+++ RECORDS TO USE +++

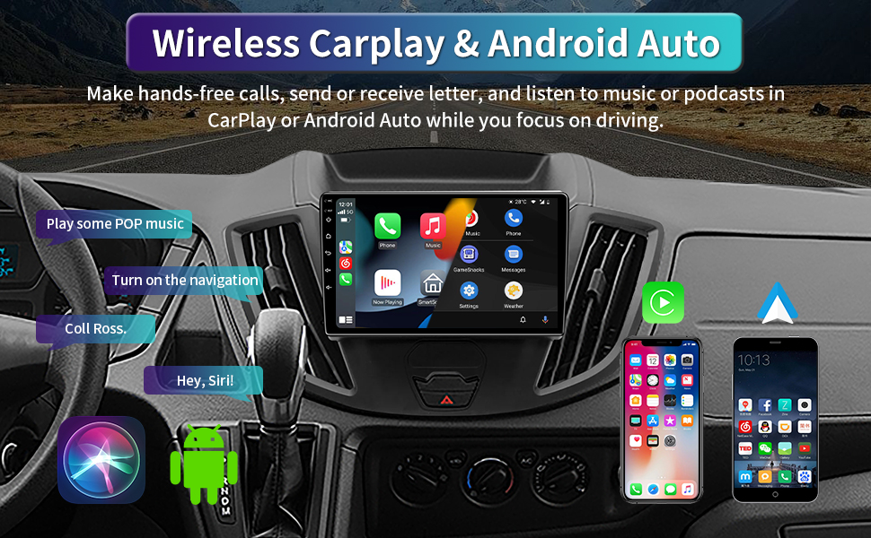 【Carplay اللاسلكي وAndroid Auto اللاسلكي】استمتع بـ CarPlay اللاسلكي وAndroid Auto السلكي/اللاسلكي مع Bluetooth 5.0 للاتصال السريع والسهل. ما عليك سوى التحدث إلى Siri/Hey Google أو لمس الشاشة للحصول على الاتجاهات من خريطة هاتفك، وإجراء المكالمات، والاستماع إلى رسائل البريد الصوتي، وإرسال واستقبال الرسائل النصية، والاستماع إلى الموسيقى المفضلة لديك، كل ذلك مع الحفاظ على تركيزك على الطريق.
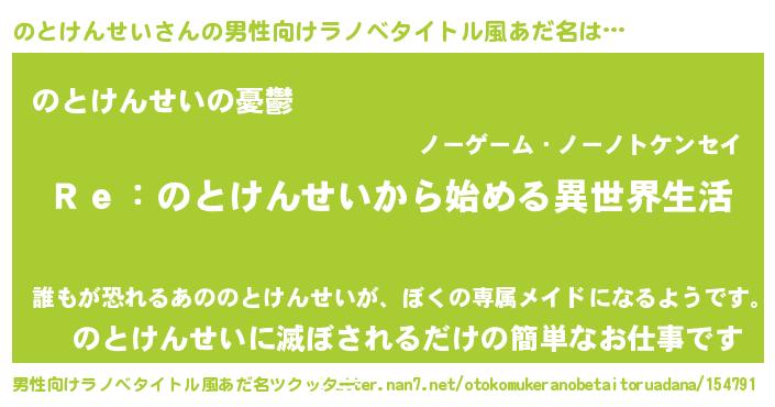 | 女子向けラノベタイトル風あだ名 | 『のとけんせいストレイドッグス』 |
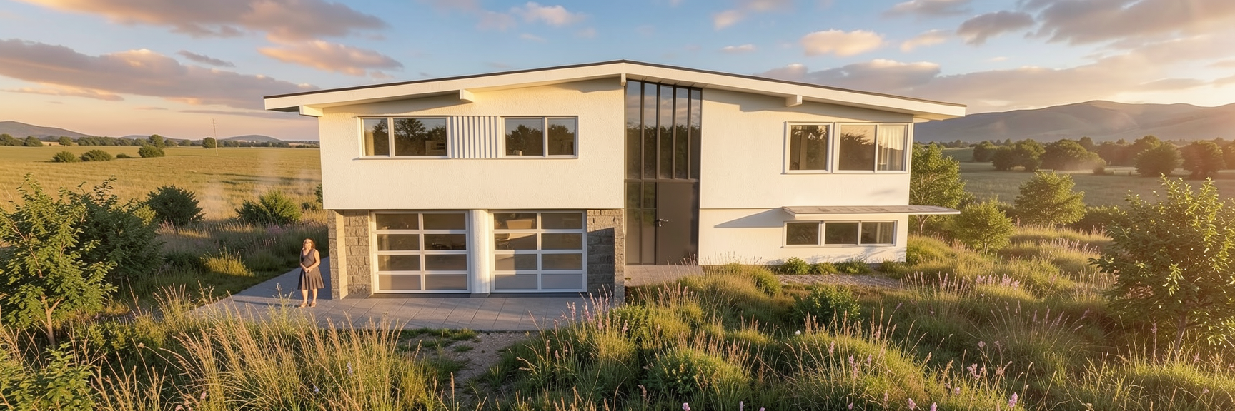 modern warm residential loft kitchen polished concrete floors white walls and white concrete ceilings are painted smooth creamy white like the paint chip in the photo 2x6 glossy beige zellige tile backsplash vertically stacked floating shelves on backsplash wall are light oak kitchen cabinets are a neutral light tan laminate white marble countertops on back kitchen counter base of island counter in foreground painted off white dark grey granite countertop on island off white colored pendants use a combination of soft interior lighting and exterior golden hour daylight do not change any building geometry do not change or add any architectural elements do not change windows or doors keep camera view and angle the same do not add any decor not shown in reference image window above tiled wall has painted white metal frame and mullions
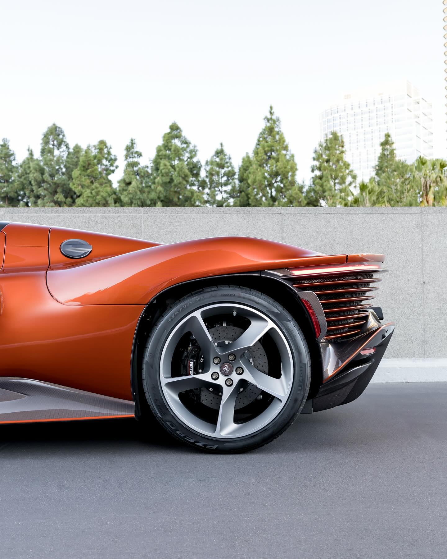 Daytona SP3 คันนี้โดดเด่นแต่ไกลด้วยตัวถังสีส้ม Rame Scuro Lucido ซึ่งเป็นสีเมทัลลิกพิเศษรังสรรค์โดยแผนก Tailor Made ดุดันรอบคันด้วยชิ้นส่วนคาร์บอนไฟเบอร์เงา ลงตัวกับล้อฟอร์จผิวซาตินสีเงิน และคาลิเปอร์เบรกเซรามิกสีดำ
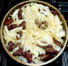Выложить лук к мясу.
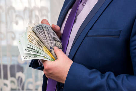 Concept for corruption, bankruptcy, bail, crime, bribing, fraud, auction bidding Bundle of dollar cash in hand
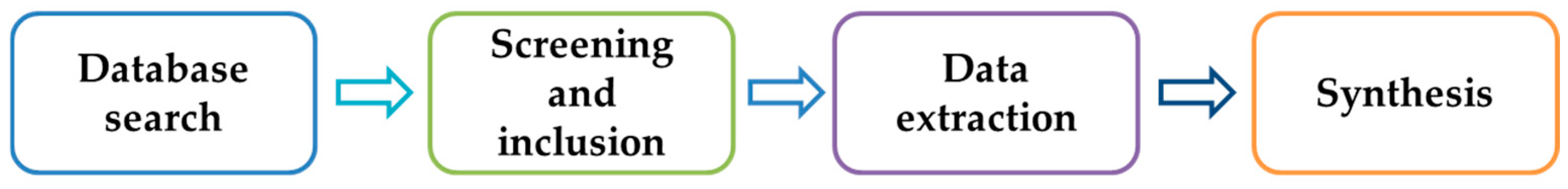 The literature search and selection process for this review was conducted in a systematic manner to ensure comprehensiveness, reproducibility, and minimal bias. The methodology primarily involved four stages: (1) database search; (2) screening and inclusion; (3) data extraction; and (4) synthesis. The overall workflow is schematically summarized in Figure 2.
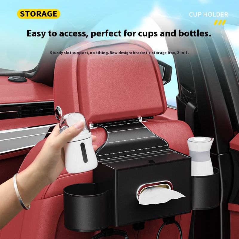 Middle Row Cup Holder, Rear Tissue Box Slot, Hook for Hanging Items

+++
+++ RECORDS TO USE +++

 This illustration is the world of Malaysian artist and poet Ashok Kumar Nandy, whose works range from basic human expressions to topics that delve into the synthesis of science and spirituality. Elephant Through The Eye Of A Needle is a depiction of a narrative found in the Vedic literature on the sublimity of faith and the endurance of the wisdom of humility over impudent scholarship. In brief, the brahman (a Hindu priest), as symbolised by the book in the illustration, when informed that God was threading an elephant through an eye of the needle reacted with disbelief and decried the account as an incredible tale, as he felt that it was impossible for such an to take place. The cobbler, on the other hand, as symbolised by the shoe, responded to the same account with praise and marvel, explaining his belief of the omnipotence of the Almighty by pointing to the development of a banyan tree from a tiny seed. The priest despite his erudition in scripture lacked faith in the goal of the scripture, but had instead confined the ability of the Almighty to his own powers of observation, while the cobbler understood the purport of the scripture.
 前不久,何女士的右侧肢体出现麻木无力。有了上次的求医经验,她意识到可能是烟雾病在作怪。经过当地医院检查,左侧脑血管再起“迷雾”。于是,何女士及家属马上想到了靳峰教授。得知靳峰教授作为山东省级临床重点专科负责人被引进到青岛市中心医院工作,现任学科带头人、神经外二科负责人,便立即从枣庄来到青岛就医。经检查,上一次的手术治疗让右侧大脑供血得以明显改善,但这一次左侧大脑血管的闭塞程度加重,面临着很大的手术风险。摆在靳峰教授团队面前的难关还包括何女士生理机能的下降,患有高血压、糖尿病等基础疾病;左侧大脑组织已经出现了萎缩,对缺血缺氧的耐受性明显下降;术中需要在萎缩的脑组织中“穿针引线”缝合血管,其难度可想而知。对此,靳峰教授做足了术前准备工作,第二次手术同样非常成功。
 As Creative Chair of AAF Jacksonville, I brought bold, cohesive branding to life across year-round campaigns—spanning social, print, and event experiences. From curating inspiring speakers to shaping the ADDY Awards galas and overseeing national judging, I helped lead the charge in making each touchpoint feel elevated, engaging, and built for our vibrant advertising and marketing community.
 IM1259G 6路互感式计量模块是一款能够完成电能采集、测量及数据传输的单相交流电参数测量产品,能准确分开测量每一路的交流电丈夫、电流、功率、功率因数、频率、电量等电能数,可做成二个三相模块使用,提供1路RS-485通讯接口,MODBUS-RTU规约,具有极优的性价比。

+++

_WHAT TO WORK ON_. Start at the line containing "modern warm residential" above and stop at the line containing "Middle Row Cup". Output those lines exactly, both included, but none of the pictures.

_RESULT FOR THIS TASK_.
 modern warm residential loft kitchen polished concrete floors white walls and white concrete ceilings are painted smooth creamy white like the paint chip in the photo 2x6 glossy beige zellige tile backsplash vertically stacked floating shelves on backsplash wall are light oak kitchen cabinets are a neutral light tan laminate white marble countertops on back kitchen counter base of island counter in foreground painted off white dark grey granite countertop on island off white colored pendants use a combination of soft interior lighting and exterior golden hour daylight do not change any building geometry do not change or add any architectural elements do not change windows or doors keep camera view and angle the same do not add any decor not shown in reference image window above tiled wall has painted white metal frame and mullions
 Daytona SP3 คันนี้โดดเด่นแต่ไกลด้วยตัวถังสีส้ม Rame Scuro Lucido ซึ่งเป็นสีเมทัลลิกพิเศษรังสรรค์โดยแผนก Tailor Made ดุดันรอบคันด้วยชิ้นส่วนคาร์บอนไฟเบอร์เงา ลงตัวกับล้อฟอร์จผิวซาตินสีเงิน และคาลิเปอร์เบรกเซรามิกสีดำ
Выложить лук к мясу.
 Concept for corruption, bankruptcy, bail, crime, bribing, fraud, auction bidding Bundle of dollar cash in hand
 The literature search and selection process for this review was conducted in a systematic manner to ensure comprehensiveness, reproducibility, and minimal bias. The methodology primarily involved four stages: (1) database search; (2) screening and inclusion; (3) data extraction; and (4) synthesis. The overall workflow is schematically summarized in Figure 2.
 Middle Row Cup Holder, Rear Tissue Box Slot, Hook for Hanging Items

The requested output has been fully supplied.